Re: spamassassin and caching nameservers

2016-08-22 Thread Marc Perkel
For what it's worth I use PowerDNS for a recursive nameserver and happy 
with it. Very easy to set up.


On 08/22/16 18:15, Alex wrote:

Hi all,
I've just set up spamassassin on a cable connection that appears to
have sporadic DNS timeouts using bind. It shouldn't be so slow that
queries timeout, but apparently they are. I'm hoping rbldnsd would
provide that additional responsiveness needed.

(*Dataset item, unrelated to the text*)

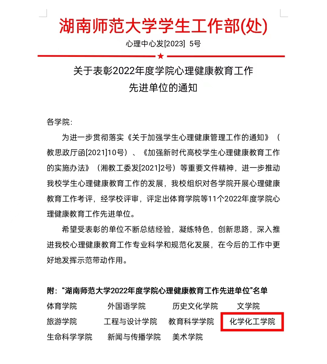 (通讯员 谭恒)近日,湖南师范大学学生工作部、心理咨询中心组织开展2022年度学院心理健康教育工作考评,yl6809永利官网获评湖南师范大学2022年度学院心理健康教育工作先进单位。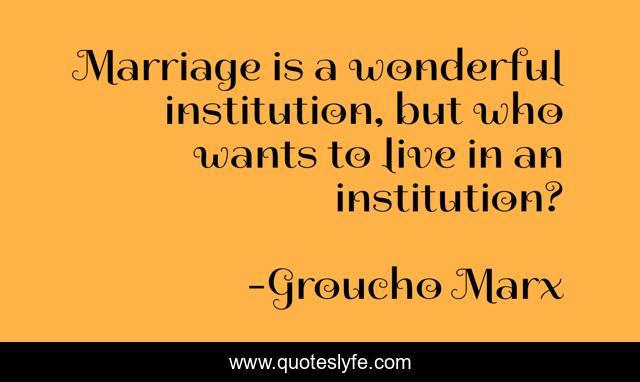 This page presents the quote "Marriage is a wonderful institution, but who wants to live in an institution?". Author of this quote is Groucho Marx. This quote is about marriage, comedy, love, humor, affection,.

I've set up rbldnsd before, to be used as a way to query a local RBL.
Has anyone configured it as a local caching nameserver, and if so,
could you share your config?

I'd like it to listen on localhost/53 in place of bind and I would
think I would need the root zones in there somewhere, but there
doesn't appear to be many examples of doing this out there to
reference.

Is it a full-fledged nameserver, suitable enough for MX, A, TXT,
queries, etc for this purpose?

Thanks,
Alex




--
Marc Perkel - Sales/Support
supp...@junkemailfilter.com
http://www.junkemailfilter.com
Junk Email Filter dot com
415-992-3400



spamassassin and caching nameservers

2016-08-22 Thread Alex
Hi all,
I've just set up spamassassin on a cable connection that appears to
have sporadic DNS timeouts using bind. It shouldn't be so slow that
queries timeout, but apparently they are. I'm hoping rbldnsd would
provide that additional responsiveness needed.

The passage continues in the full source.